従って、後軸205の内周面との内筒207の外周面との間に、ボール10及び外摺動部材208が摺動可能に配置され、内筒207内に、内摺動部材209が摺動可能に配置される。内摺動部材209の摺動は、コイルスプリング213の弾発力によって前方への摺動が規制され、重量体215を介して後軸205の後壁部205aによって後方への摺動が規制される。コイルスプリング213の前端は、内筒207の後端面によって支持され、コイルスプリング213の後端は、第1フランジ部209bの前端面によって支持される。外摺動部材208の摺動は、内筒207の小径フランジ部207cの後端面によって前方への摺動が規制され、後軸205の段部205cによって後方への摺動が規制される。
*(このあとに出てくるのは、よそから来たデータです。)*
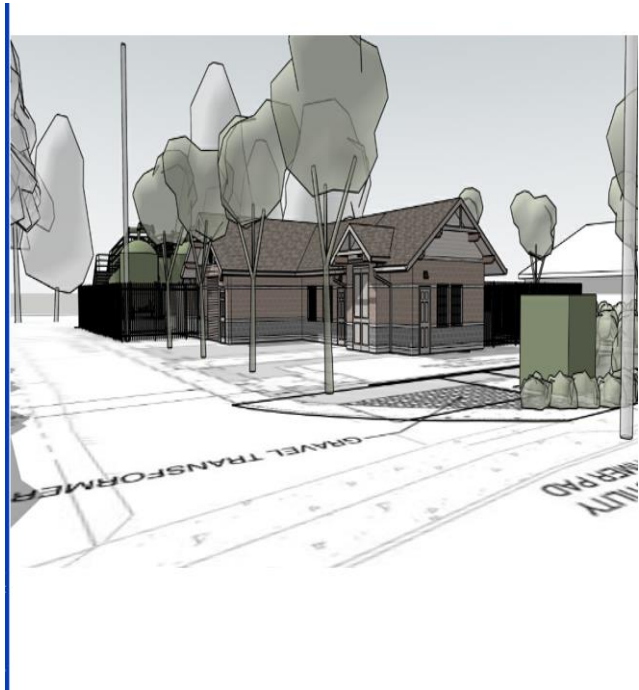
Figure 4: Rendering of Street View
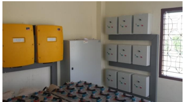
AC/DC distribution cabinet & Timer control

Total consumption per site is 60 kWh per day
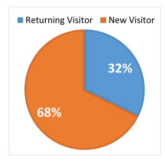
NOBLE's website continues to attract new visitors
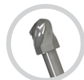
Cylinder Cutting Burr
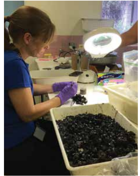
Above Toxicity assessments were undertaken on mussels, crabs, and fish from the Riverpark.
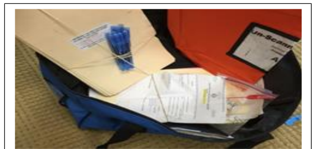
Contents of Blue Ballot Bag
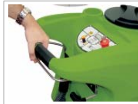
BRUSH CONTROL WITH AUTOMATIC DELAYED STOP
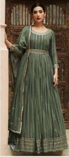
D.no - 9447
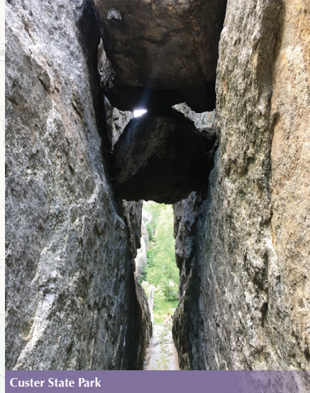
Custer State Park
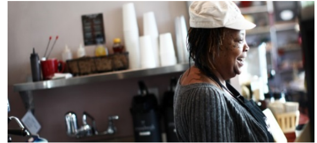
Café & Gift Boutique
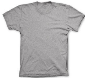
RS Sport Grey*
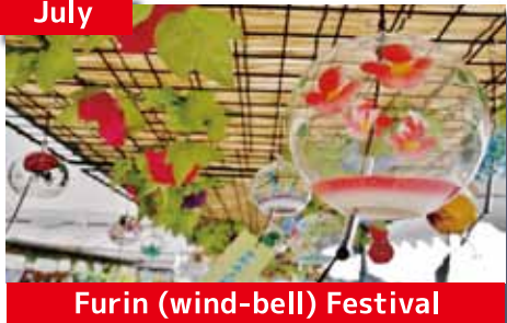
Furin (wind-bell) Festival
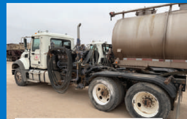
2015 MACK Kill Truck w/ G-D TEE
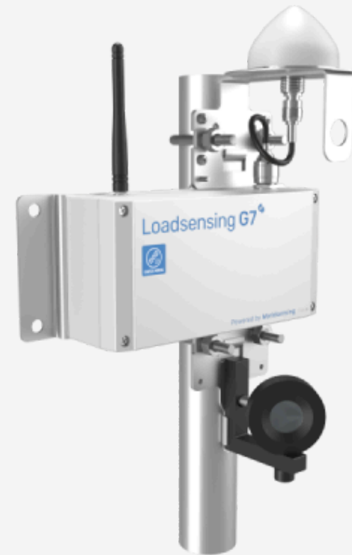
Fig. 2: Compact mount with u-bolts. Use the LS-ACC-BIG-HVP versatile mount plate and WS-ACC-U50 50mm U-bolts to secure the device to a 50mm pole. Attach the LS-ACC-ANT-HVP versatile mount plate for the GNSS antenna to the node mount plate for a compact setup. Add the LS-ACC-PRS-VP prism mount plate for prism installation. Not recommended for base stations.
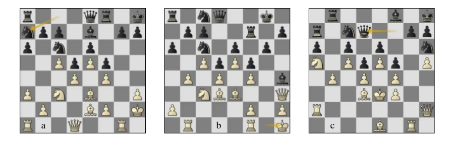
Fig.\ 9.\ (a)\ Game\ 60\ ST-LC\ p19w:\ (b)\ Nielsen-Savko\ (EU-ch\ U18\ Vejen\ 1993)\ p18b:\ (c)\ game\ 60\ ST-LC\ p143w.

Finally, in game 60 STOCKFISH outlasted LEELA in a mammoth 164-move game in the Alekhine's Defence. I'd be lying if I said that every move was a pleasure to watch but when the end came, you realised it had been worth waiting for!
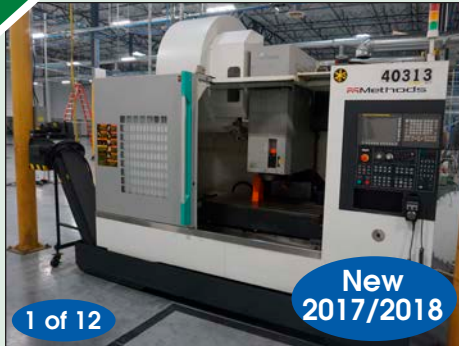
FEELER VB1100 VERT MACHINING CENTER
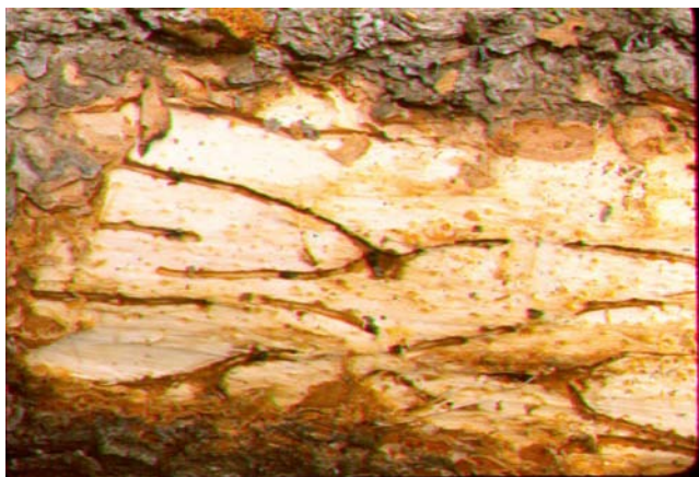
Pine Engraver egg gallery

The female beetle lays her eggs in niches cut in the side of the gallery. The eggs hatch in 4-14 days. The larvae mine laterally from the egg gallery for 1 or 2 inches, feeding for 10-20 days. When fully developed each larva pupates,
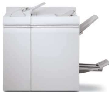
Multifunction Finisher Pro Plus
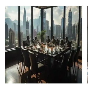
Kuala Lumpur -Malaysia
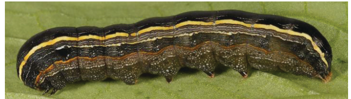
Figure 1. Lateral view of a larva of the yellowstriped armyworm, Spodoptera ornithogalli (Guenée). The yellow dorsolateral line running the length of the body is the basis for the common name of this insect.

and adults of yellowstriped armyworm may be present in autumn or early winter, they cannot withstand cold weather, and perish. Development time, from egg to adult, is about 40 days.
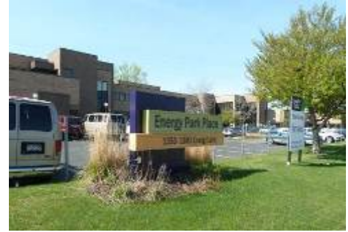
Figure 5. Energy Park Place sign

With testing centers in 163 countries, Prometric provides technology-enabled testing and assessment services for academic, professional, healthcare, government, corporate and information technology clients. 4 At its offices in Energy Park Corporate Center, Prometric employs 89 people, providing estimated annual employment income of $5.3 million.
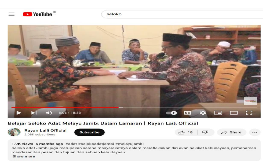
Youtube Recording Video Learning Jambi Malay Traditional Seloko in Application

Some digital documentation can be found in videos on youtube, this youtube content documents full activities on Jambi traditional Seloko ranging from academic discussions, marriage activities and proposals to be published in several official government-owned media. This is so that it can be seen visually and also audio of Jambi traditional Seloko activities as a whole and comprehensively.
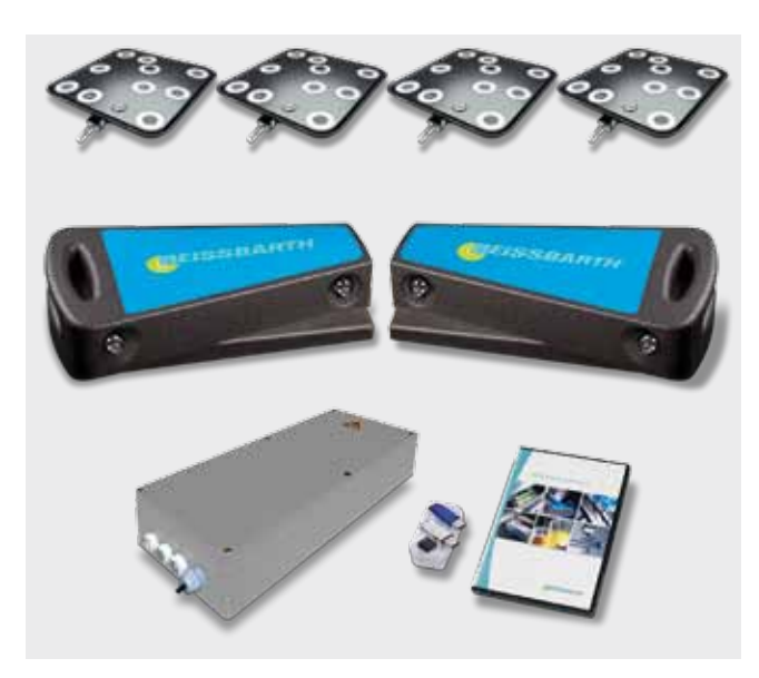
Scope of delivery for the Easy 3D+ Kits
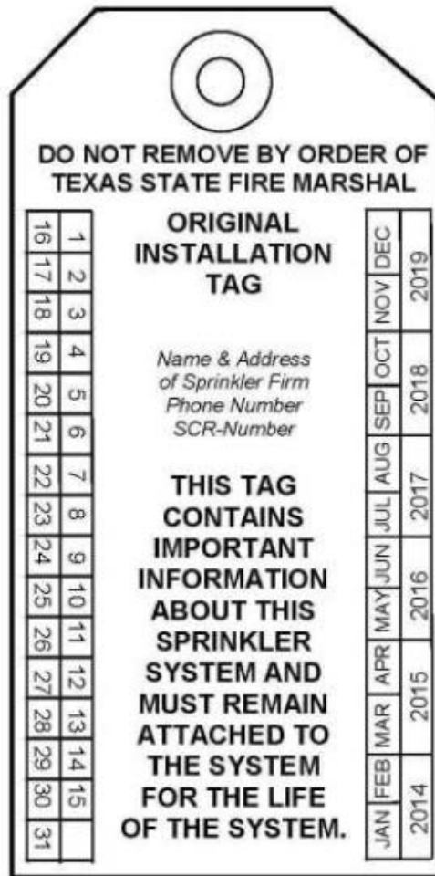
Figure 28: TAC §34.718(h)
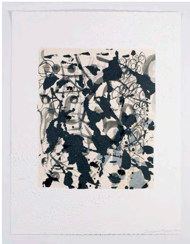
Untitled (CB.27.16) 2016 Handpainted Chine Collé with embossment 29 x 22 in. $6,000
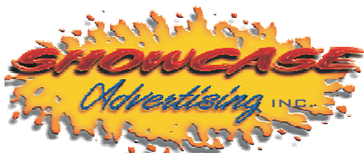
PHOTO ADS • PRINTING • INVITATIONS BUSINESS CARDS • SIGNS • BANNERS

207 S. WALNUT ST. • STARKE, FLORIDA 32091
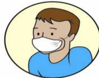
A face mask may be needed if you are coughing.
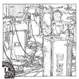
The Big Room, Flight Case £600
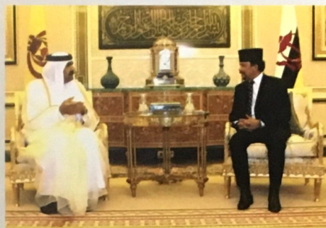
4 His Majesty welcomes Emir of the State of Qatar
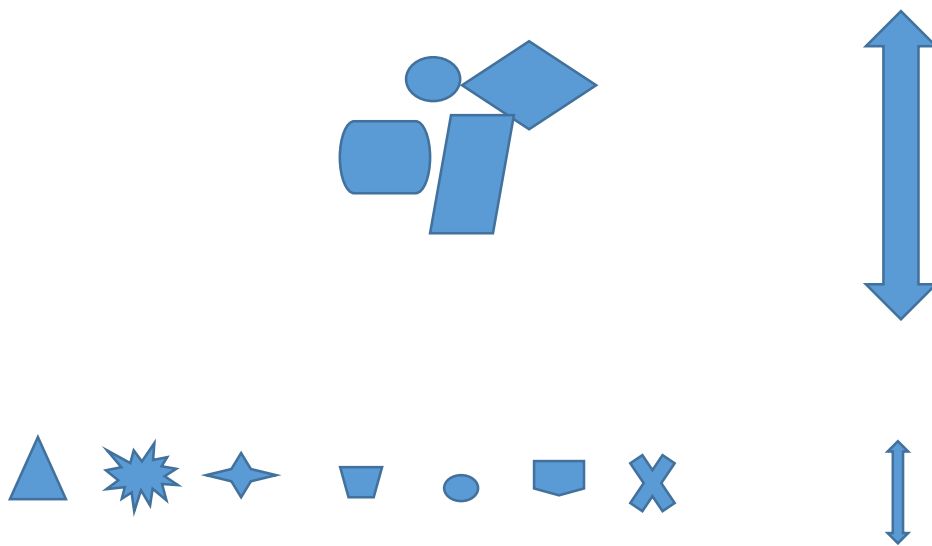
Figure 3. Visualization of Distribution dependent correlations , encountered with a family Cluster of fatty acids (top), where the members have high variability (shown by length of arrow), and a group of fatty acid (bottom row) with low numbers/variabilities. Hypothetically, Cluster fatty acid percentages are suggested to oscillate with large amplitudes; those of the other group, with small ones. The particular distributions of the fatty acids make within-group ( between-group ) percentages to correlate positively ( negatively ), see text.

A schematic illustration of Distribution dependent correlations , as observed in chicken breast muscle, is shown in Figure 3. Group 1 fatty acids make a cluster (top group) in which the members (mostly) have high numbers and high variability, as compared with Group 2 fatty acids (bottom row). Hypothetically, Cluster fatty acid percentages are suggested to oscillate with large amplitudes; those of the other group, with small ones. The particular distributions of the fatty acids make within-group ( between-group ) percentages to correlate positively ( negatively ), as explained above.
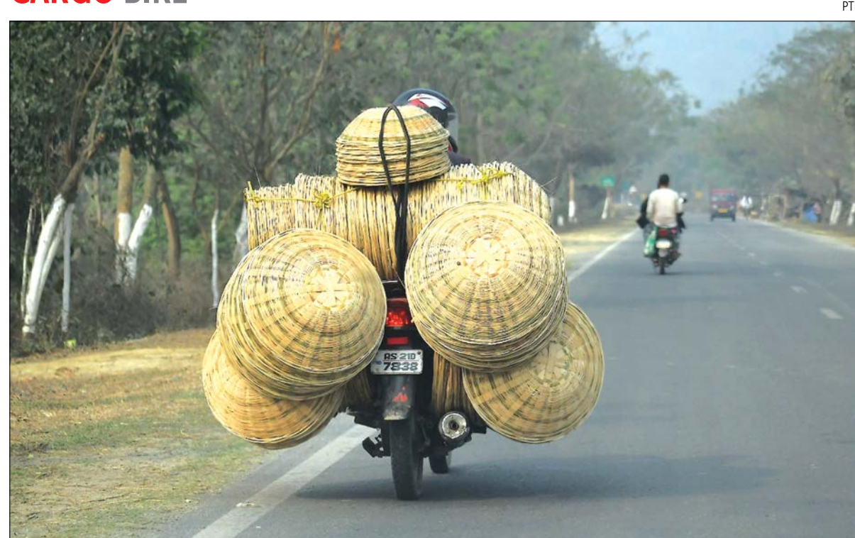
A vendor transports dozens of large bamboo baskets while balancing precariously on a two-wheeler, in Morigaon
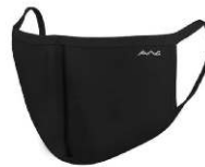
BONDED FACE MASK
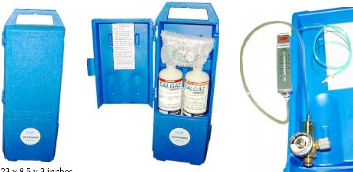
23 x 8.5 x 3 inches

0 to 500 ml / minute flow meter , tubing , tubing connector , pressure regulator and flow valve
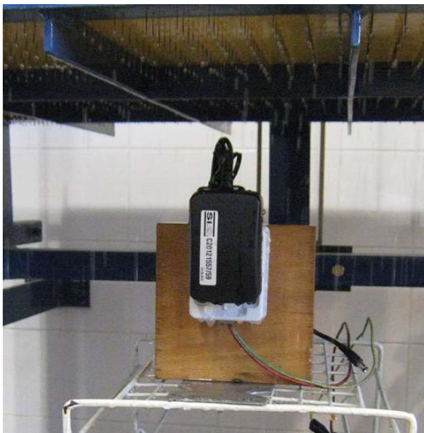
Figure 4: Test position

筆記状態の筆記具200において、外摺動部材208及び内摺動部材209は、ボール10と共に係止している。出没機構が後方向の慣性力を受けると、外摺動部材208は後方へ向かって摺動し、その後端面が、後軸5の段部5cに衝突する。外摺動部材208の厚肉部208aによる内摺動部材209及びボール10との係止が解除される。すなわち、外摺動部材208のテーパ面208cとボール10とが径方向に整列して、ボール10が内摺動部材209の凹部209dから外れ、出没機構によるリフィル206の保持が解除される。
その結果、内摺動部材209の外径に配置されたコイルスプリング213の付勢力によって、リフィル206と圧入嵌合により一体となった内摺動部材209が後方へ向かって摺動する。従って、リフィル206の先端の筆記部206aは、先軸204の先端の孔204aから軸筒202内に没入し、筆記具200は非筆記状態となる。
本発明の第2実施形態による筆記具100及び第3実施形態による筆記具200によれば、上述した第1実施形態の筆記部1と同様の効果を奏する。また、特に、第2実施形態による筆記具100を振ることによって、第1筆記具101の筆記状態と非筆記状態とを切り替えると同時に、第2筆記具102消去状態と非消去状態と切り替えることができる。また、振り方を変化させたり、各部材の重量や重心等を調整したりすることによって、第1筆記具101及び第2筆記具102の出没機構を独立的に操作できるようにしても良い。